Try it. Repeat the listing below in full and exactly. Pictures are to be omitted.

Material provided.
·····

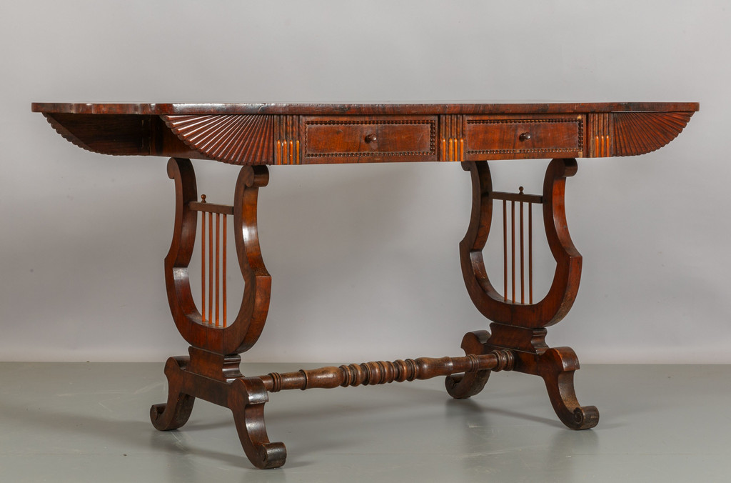 Scrivania con alette e due cassetti in mogano inizi sec.XIX
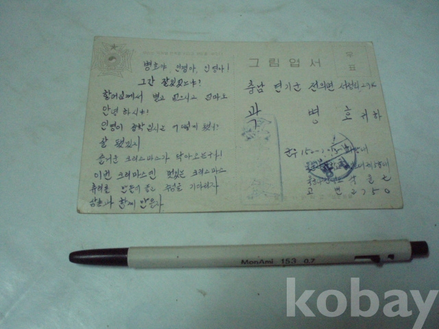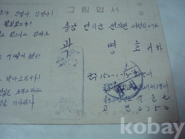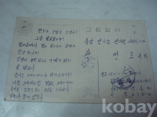 육군사관생도 - 그립엽서 (뒷면, 편지글)
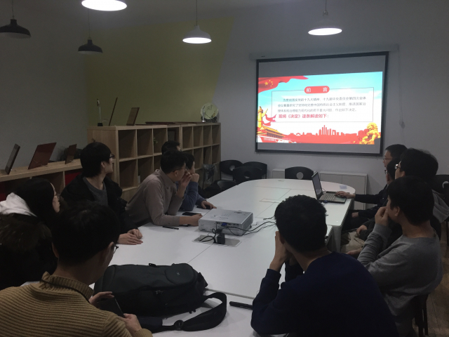 首先,由班级团支部书记宋业琛同学带领大家一起学习十九届四中全会。通过对十九届四中全会内容和制度精彩的介绍,大家对本次全会的主要内容有了清晰的认识,更深刻地了解到了我国发展的现状以及未来的发展方向。接下来是本学期先进个人推荐点赞会,孙尔亮,苏建川,马诗远三位同学分别作自我介绍,分享自己入学近一个学期以来的经历与心得,展示自己入学以来为班级和学院做出的贡献,让大家更全面地认识了自己,也给大家提供了学习的榜样。
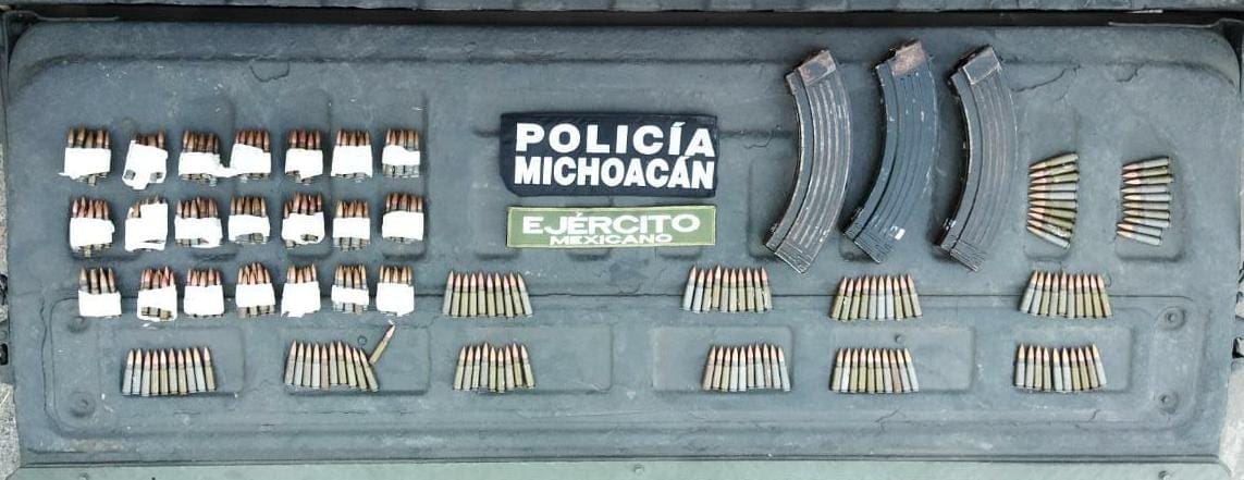 Al efectuar labores operativas en una brecha que conduce a la localidad de El Colomo, el personal de la Policía Michoacán y del Ejército Mexicano localizó sobre la maleza de un predio, un total de 330 cartuchos para calibre 7.62X6 milímetros, así como tres cargadores, por lo que se realizó un perímetro de seguridad en la zona.

·····

Result of this task.
 Scrivania con alette e due cassetti in mogano inizi sec.XIX
 육군사관생도 - 그립엽서 (뒷면, 편지글)
 首先,由班级团支部书记宋业琛同学带领大家一起学习十九届四中全会。通过对十九届四中全会内容和制度精彩的介绍,大家对本次全会的主要内容有了清晰的认识,更深刻地了解到了我国发展的现状以及未来的发展方向。接下来是本学期先进个人推荐点赞会,孙尔亮,苏建川,马诗远三位同学分别作自我介绍,分享自己入学近一个学期以来的经历与心得,展示自己入学以来为班级和学院做出的贡献,让大家更全面地认识了自己,也给大家提供了学习的榜样。
 Al efectuar labores operativas en una brecha que conduce a la localidad de El Colomo, el personal de la Policía Michoacán y del Ejército Mexicano localizó sobre la maleza de un predio, un total de 330 cartuchos para calibre 7.62X6 milímetros, así como tres cargadores, por lo que se realizó un perímetro de seguridad en la zona.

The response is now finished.